With the 2020 presidential campaign in full swing, it is clear that the defining issue of the election will be economic inequality — and that puts America’s billionaires in the dock.

Proposals for a tax on extreme wealth have been put on the table by Democratic candidates Elizabeth Warren and Bernie Sanders, eliciting responses of varying vehemence from the billionaires lobby.

These responses, as we’ve reported, have been mostly negative, although here and there a few billionaires have allowed that, yes, they may have too much money and it might be good public policy to redistribute some of it through taxation.

The wealth tax proposals are part of a general attack on economic inequality that all the Democratic candidates share, to some extent. “The middle class is getting killed,” former Vice President Joe Biden said during the Dec. 19 Democratic debate. “The middle class is getting crushed. And the working class has no way up as a consequence of that ... . The idea that we’re growing — we’re not growing. The wealthy, very wealthy, are growing. Ordinary people are not growing. They are not happy with where they are.”

Even the two certified billionaires in the Democratic race have expressed support for raising taxes on the ultra-wealthy. “I’ve been for a wealth tax for over a year,” Tom Steyer said during the debate. Michael R. Bloomberg, who did not appear at the debate, said at a campaign event in Phoenix three weeks ago that while a wealth tax of the variety proposed by Warren or Sanders “just doesn’t work,” he supports “taxing wealthy people like me.”

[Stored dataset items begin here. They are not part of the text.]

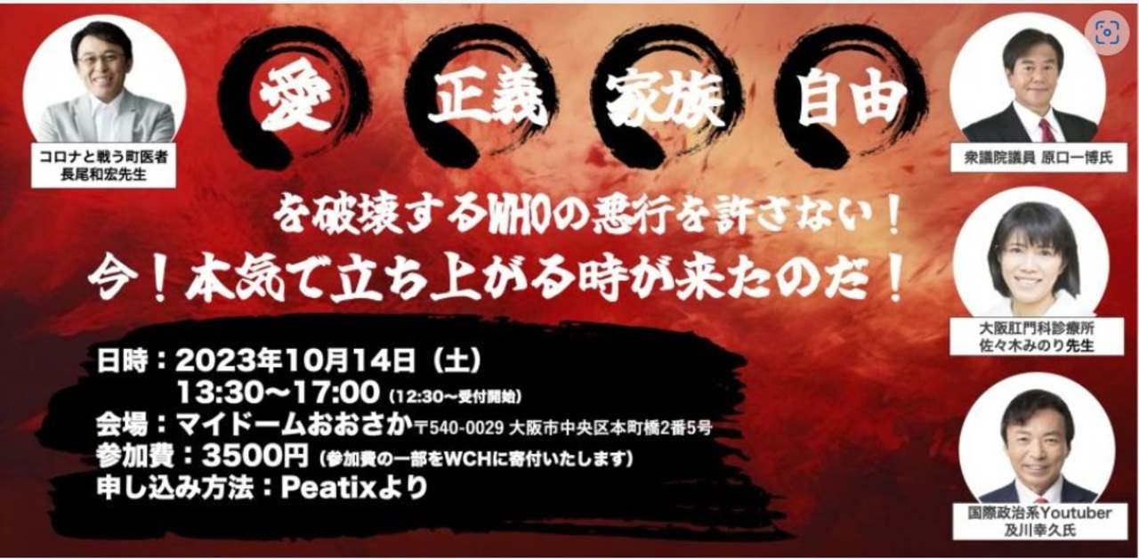 愛・正義・家族・自由をを破壊するWHOの悪行を許さない!<br><br>WHOの国際保健規則 IHR の書き換えが目前に迫っています。<br>これに飲み込まれてしまうと日本という国は本当になくなります。<br><br>WCHの大規模講演会がマイドームおおさかで行われました。1300名収容の会場は満席、会場は熱気に包まれていました。それほどまでに関心は高いのです。<br>録画禁止の講演会でしたが、録画許可されてからの部分を投稿します。<br>佐々木みのり先生、長尾和宏先生、衆議院議員原口一博先生、司会の及川幸久さんの言葉を聞いてください。<br><br>もう草の根運動の域を超えていると思いたいですが、まだまだです!残念ながら何も知らない人の方がはるかに多い!<br>長尾先生の言葉<br>「このまま何もしなければ大げさでなくこの国はなくなる」<br>もうそこまで来ています。<br>WCHをWHOに勝る組織にしていくために!これをご覧になった方は、まずWCHのホームページに行き、会員登録をお願いします!<br>ボランティア、寄附も受け付けています!<br><br>ワールドカウンシルフォーヘルスジャパン(WCHJ) (wch-japan.org)<br>
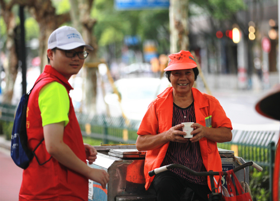 浙江省温州分行延伸“劳动者港湾”服务,身穿红马甲的志愿者们为户外劳动者和路上行人送上清凉解暑的伏茶和银耳汤,关怀城市守护者和建设者。■ 彭荷叶/摄
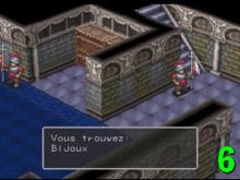 Rendez-vous au château et parlez au garde. Après le banquet, vous contrôlerez Nina. Fouillez sa commode (120 Zenny) et descendez les marches. Fouillez les armoires de la grande salle pour trouver deux Bijoux (Image 6) et un Médicam tout à gauche).

Sanders has proposed a graduated tax on net worth starting at 1 percent on wealth above $32 million for a married couple, rising in steps to 8 percent on wealth over $10 billion.

Both proposals would raise trillions of dollars over a decade. Both also are designed explicitly to break up big family hoards. Sanders says that under his plan, “the wealth of billionaires would be cut in half over 15 years which would substantially break up the concentration of wealth and power of this small privileged class.”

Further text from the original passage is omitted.